===== Records provided =====

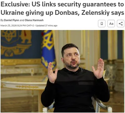 США выдвинули условием, что их предложение о гарантиях безопасности будет передача Киевом всей восточной части Донбасса России, но это несет угрозы Украине и ЕС, заявил Владимир Зеленский в интервью R
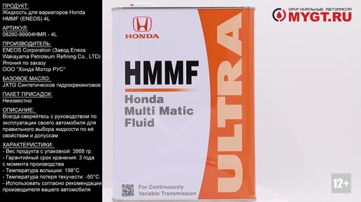 Продукт: Жидкость для вариаторов Honda HMMF (ENEOS) 4L Наш телефон: 8-800-550-57-22 ПН-ПТ 9.00-17.00 (МСК+4) Артикул: 08260-99904HMR - 4L Производитель: ENEOS Corporation (Завод ENEOS WAKAYAMA PETROLEUM REFINING Co., LTD.) Япония. по заказу ООО "Хонда Мотор РУС" Базовое масло: JXTG Синтетическое, гидрокрекинговое. Ссылка для покупки: https://mygt.ru/Oil/selection/honda-hmmf-4-l--maslo-v-akpp.html Особенности: Оригинальное трансмиссионное масло Honda HMMF обеспечивает работу системы CVT...
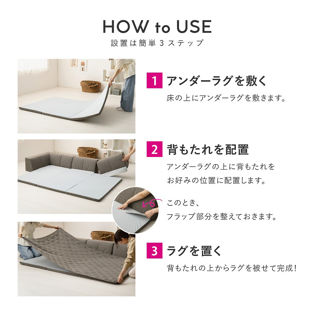 ラグ・アンダーラグ・背もたれクッションを組み合わせて、背もたれの位置を自由にかえられる
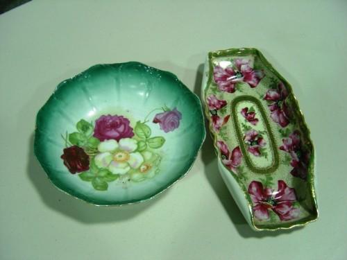 LOT OF 2 GERMANY PAINTED BOWL SMALL CHIP ON EDGE AND PAINTED VEGETABLE TRAY
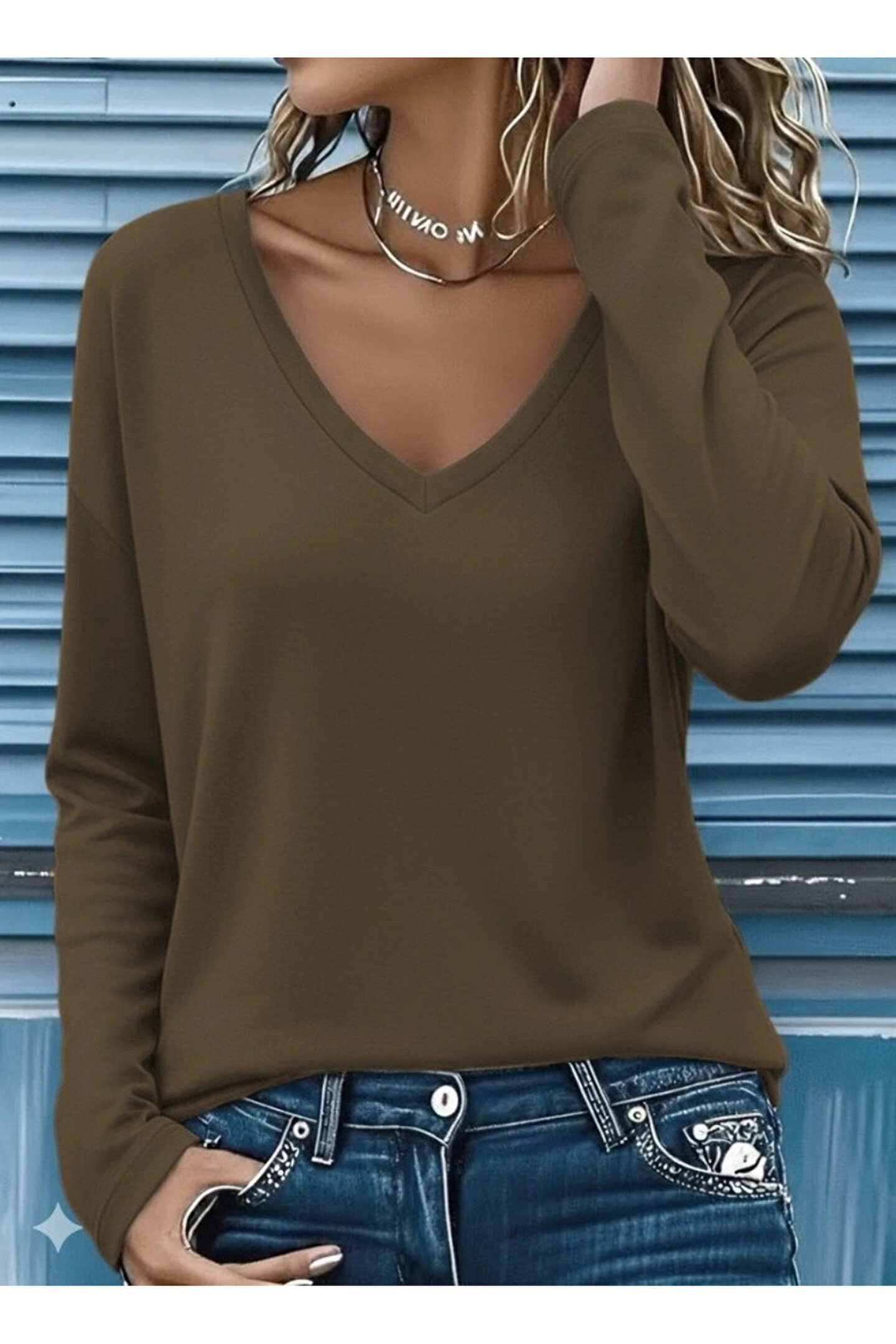 Kadın Uzun Kollu V Yakalı Viskon Iki Iplik Bluz
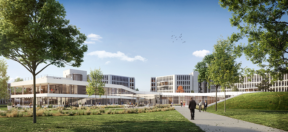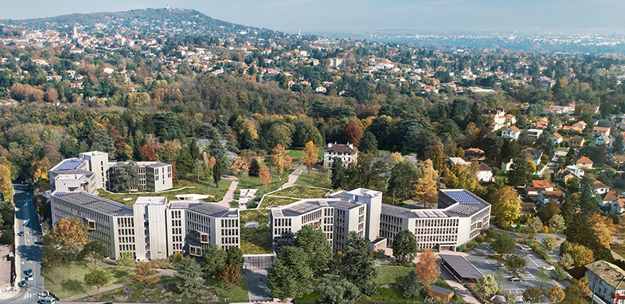 À l’issue d’un concours international d’architectes conduit en 2017 les cabinets d’architecture Archigroup et Atelier Thierry Roche & Associés sont retenus. Leur projet traduit ces partis-pris : création d’une nouvelle ouverture du site sur la ville de Champagne-au-Mont-d’Or, construction d’un cœur de vie (hub) central favorisant les échanges, réduction des consommations d’énergie et choix d’un mix énergétique vert, réappropriation du parc…
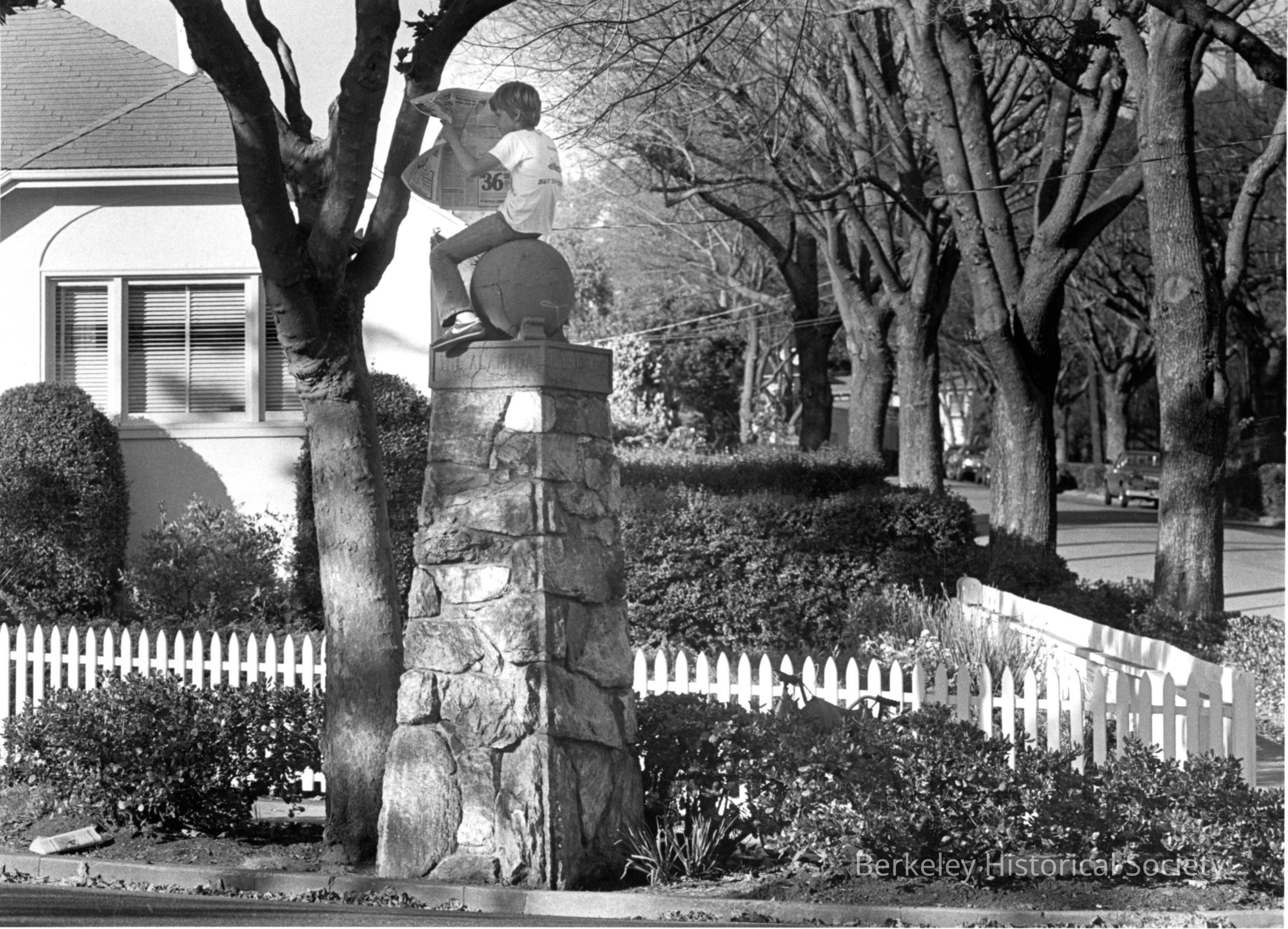 Charles Carus, age 12, taking a break while sitting on stone foundation street sign and reading a newspaper. Taken on the Alameda by MontereyMade/Created

=====

**What the task requires:**
Leave out the pictures. Return exactly the lines from the first line of the records to the line bearing "ラグ・アンダーラグ・背もたれ", inclusive.

**The completed task:**
 США выдвинули условием, что их предложение о гарантиях безопасности будет передача Киевом всей восточной части Донбасса России, но это несет угрозы Украине и ЕС, заявил Владимир Зеленский в интервью R
 Продукт: Жидкость для вариаторов Honda HMMF (ENEOS) 4L Наш телефон: 8-800-550-57-22 ПН-ПТ 9.00-17.00 (МСК+4) Артикул: 08260-99904HMR - 4L Производитель: ENEOS Corporation (Завод ENEOS WAKAYAMA PETROLEUM REFINING Co., LTD.) Япония. по заказу ООО "Хонда Мотор РУС" Базовое масло: JXTG Синтетическое, гидрокрекинговое. Ссылка для покупки: https://mygt.ru/Oil/selection/honda-hmmf-4-l--maslo-v-akpp.html Особенности: Оригинальное трансмиссионное масло Honda HMMF обеспечивает работу системы CVT...
 ラグ・アンダーラグ・背もたれクッションを組み合わせて、背もたれの位置を自由にかえられる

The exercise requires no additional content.